(Recorded data)
■ ■ ■ ■ ■ ■ ■

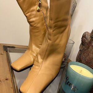Enzo Anglioni Barrister Camel Leather square toe Boot. Size 7M.
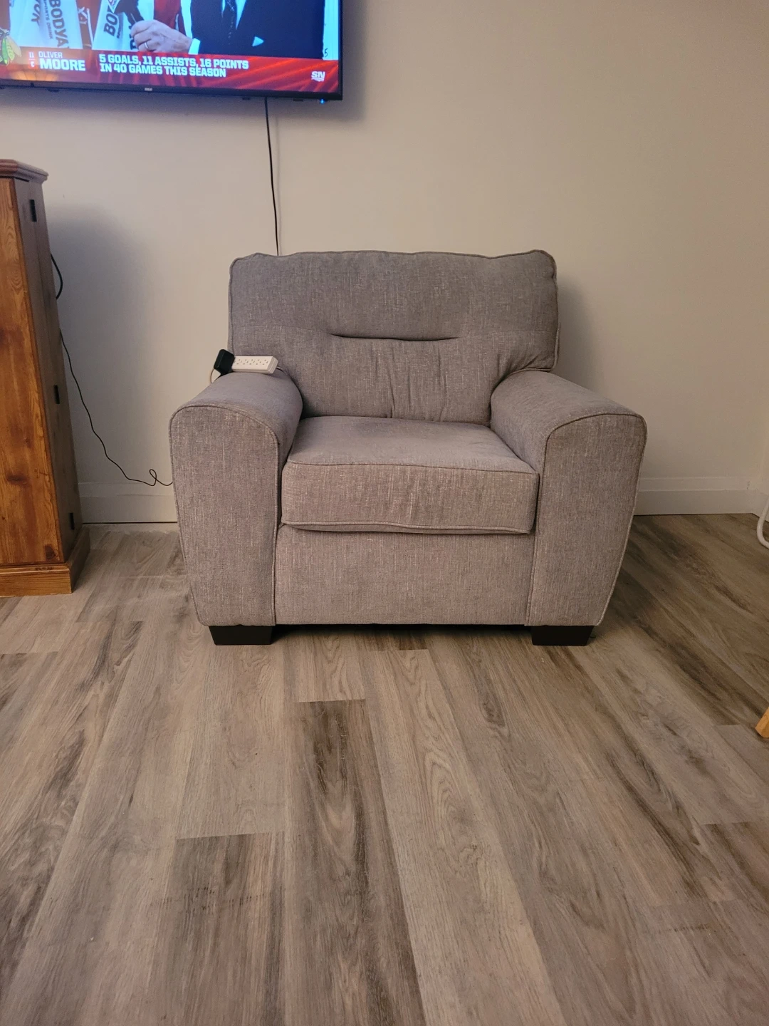 A matching grey fabric chair and three-seater sofa. Both pieces are upholstered in a durable, textured fabric. They're perfect for a living room or den, offering comfortable seating for multiple people.
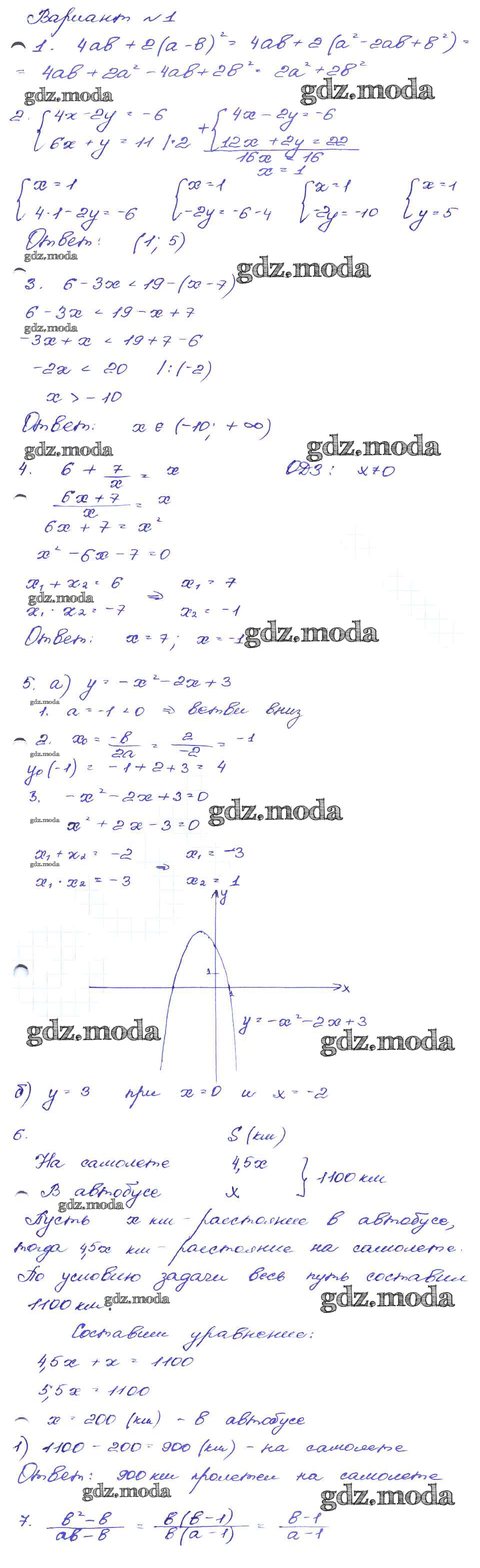 ГДЗ решение к заданию № Вариант-1 Алгебра 9 класс сборник заданий Кузнецова Л.В. Дрофа 2008 ФГОС бесплатно на гдз.мода!
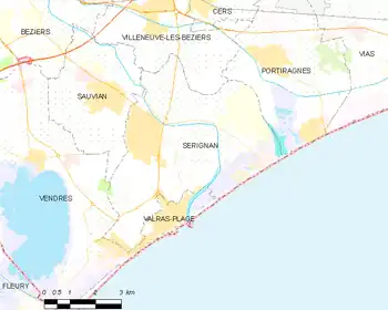 Le , le territoire de Sérignan est divisé en deux communes distinctes : Sérignan et Valras-la-Plage (nommée ainsi à l'époque)[47].
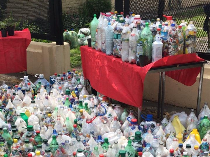 Las “eco botellas” se llenan de plásticos y envoltorios no reciclables que sirven para reemplazar
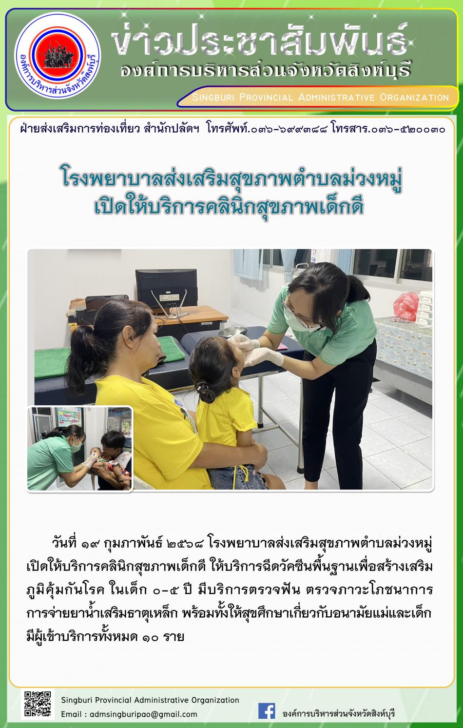 โรงพยาบาลส่งเสริมสุขภาพตำบลม่วงหมู่ เปิดให้บริการคลินิกสุขภาพเด็กดี [19 กุมภาพันธ์ 2568]
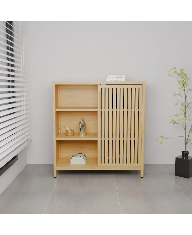 Maximize space with this slim bamboo cabinet! Features open shelves and a cabinet for hidden storage. Perfect for bathrooms, kitchens and more. Easy assembly.
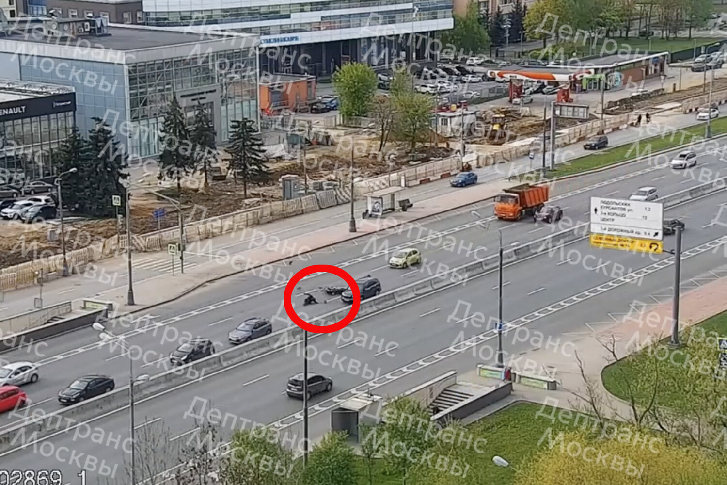 На кадрах с камеры наблюдения видно, что легковой автомобиль, двигавшийся в левом ряду, затормозил вслед за другими машинами. В этот момент в заднюю часть машины врезался мотоциклист. От удара он упал с мотоцикла и проскользил по асфальту в сторону правой обочины. О состоянии пострадавшего не сообщается. На месте происшествия работают оперативные службы, движение в районе аварии затруднено.
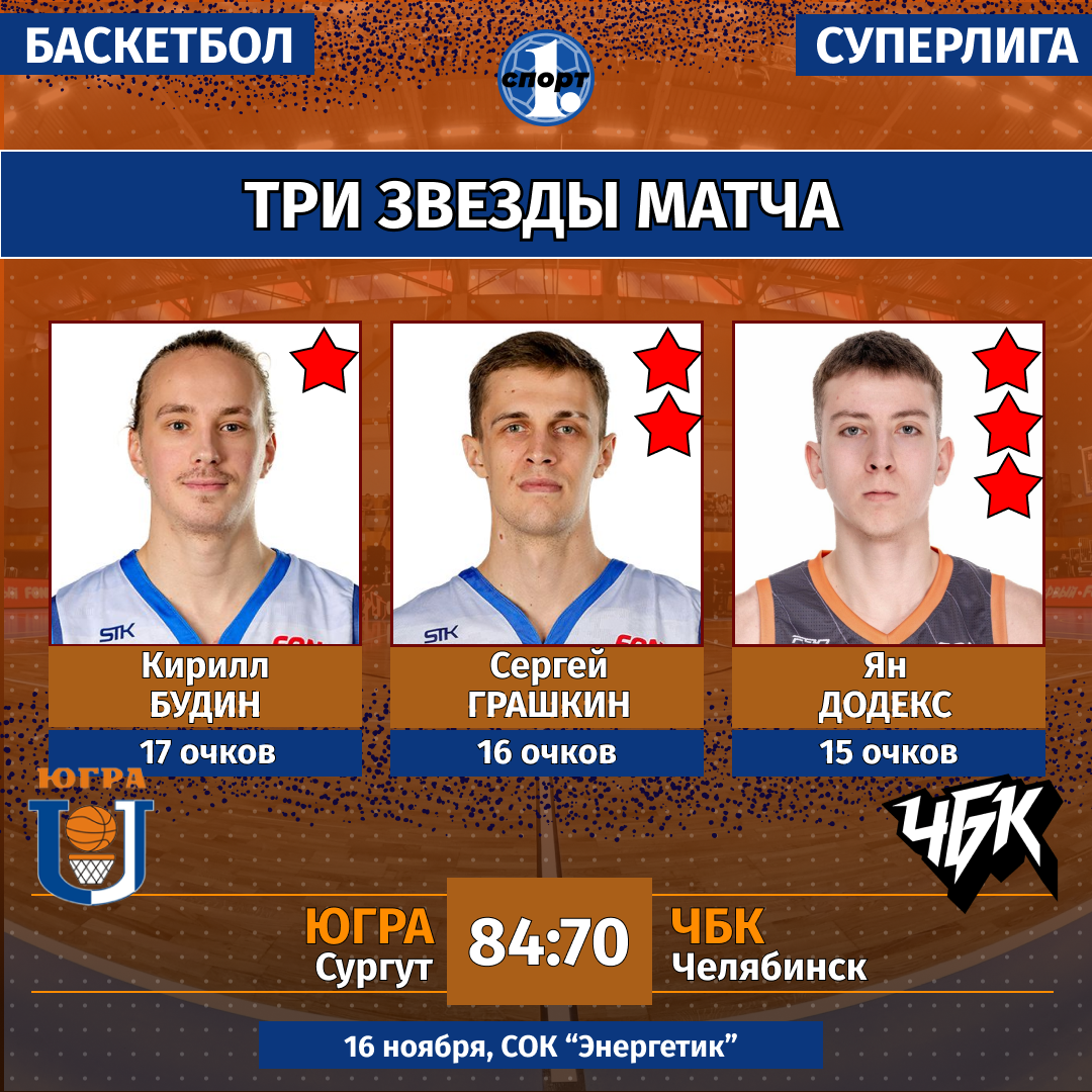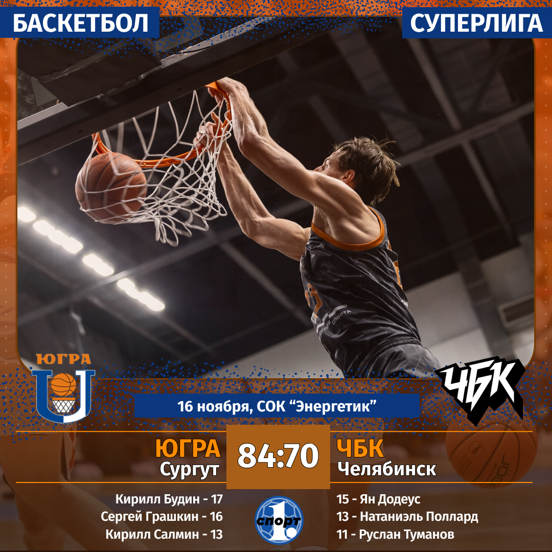 Баскетбол. Сезон-2025/2026. Суперлига. Мужчины. 16 ноября. «Югра» (Сургут) — «ЧБК» (Челябинск) — 84:70 (22:16, 27:17, 15:22, 20:15).
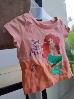 - Inicio / Ropa Bebe / Recien nacido / 0/3M | Remera MC salmón "La Sirenita" glitter- DISNEY - Talle 0a3 meses
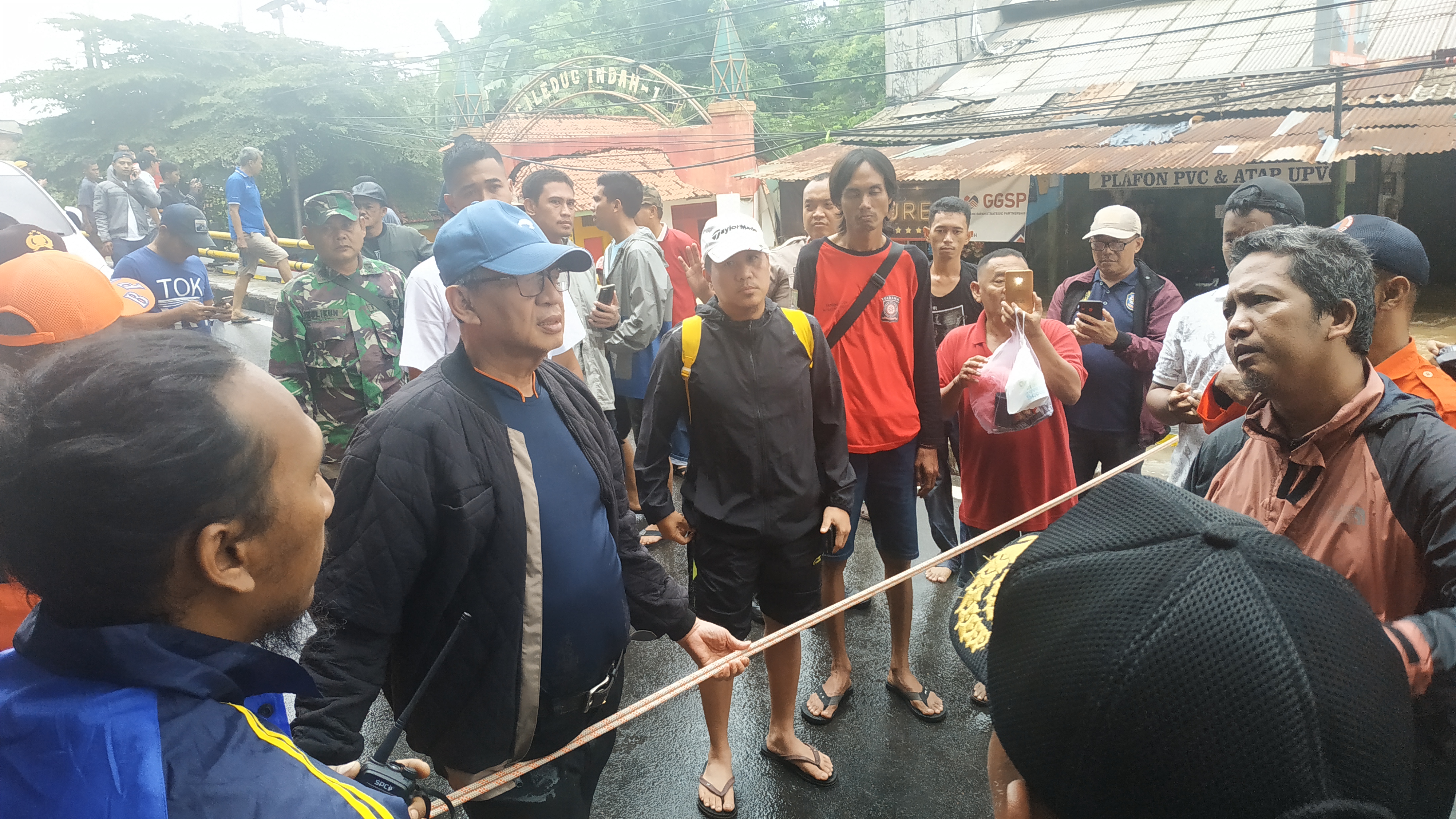 Mengenakan baju setelan santai Wahidin melihat langsung dampak banjir di jalan KH. Hasyim Ashari, Ciledug yang memutus jalur transportasi karena ketinggian mencapai satu meter lebih.

■ ■ ■ ■ ■ ■ ■

Only an exact copy of the entries, with no pictures, is expected as the answer.

Enzo Anglioni Barrister Camel Leather square toe Boot. Size 7M.
 A matching grey fabric chair and three-seater sofa. Both pieces are upholstered in a durable, textured fabric. They're perfect for a living room or den, offering comfortable seating for multiple people.
 ГДЗ решение к заданию № Вариант-1 Алгебра 9 класс сборник заданий Кузнецова Л.В. Дрофа 2008 ФГОС бесплатно на гдз.мода!
 Le , le territoire de Sérignan est divisé en deux communes distinctes : Sérignan et Valras-la-Plage (nommée ainsi à l'époque)[47].
 Las “eco botellas” se llenan de plásticos y envoltorios no reciclables que sirven para reemplazar
 โรงพยาบาลส่งเสริมสุขภาพตำบลม่วงหมู่ เปิดให้บริการคลินิกสุขภาพเด็กดี [19 กุมภาพันธ์ 2568]
 Maximize space with this slim bamboo cabinet! Features open shelves and a cabinet for hidden storage. Perfect for bathrooms, kitchens and more. Easy assembly.
 На кадрах с камеры наблюдения видно, что легковой автомобиль, двигавшийся в левом ряду, затормозил вслед за другими машинами. В этот момент в заднюю часть машины врезался мотоциклист. От удара он упал с мотоцикла и проскользил по асфальту в сторону правой обочины. О состоянии пострадавшего не сообщается. На месте происшествия работают оперативные службы, движение в районе аварии затруднено.
 Баскетбол. Сезон-2025/2026. Суперлига. Мужчины. 16 ноября. «Югра» (Сургут) — «ЧБК» (Челябинск) — 84:70 (22:16, 27:17, 15:22, 20:15).
 - Inicio / Ropa Bebe / Recien nacido / 0/3M | Remera MC salmón "La Sirenita" glitter- DISNEY - Talle 0a3 meses
 Mengenakan baju setelan santai Wahidin melihat langsung dampak banjir di jalan KH. Hasyim Ashari, Ciledug yang memutus jalur transportasi karena ketinggian mencapai satu meter lebih.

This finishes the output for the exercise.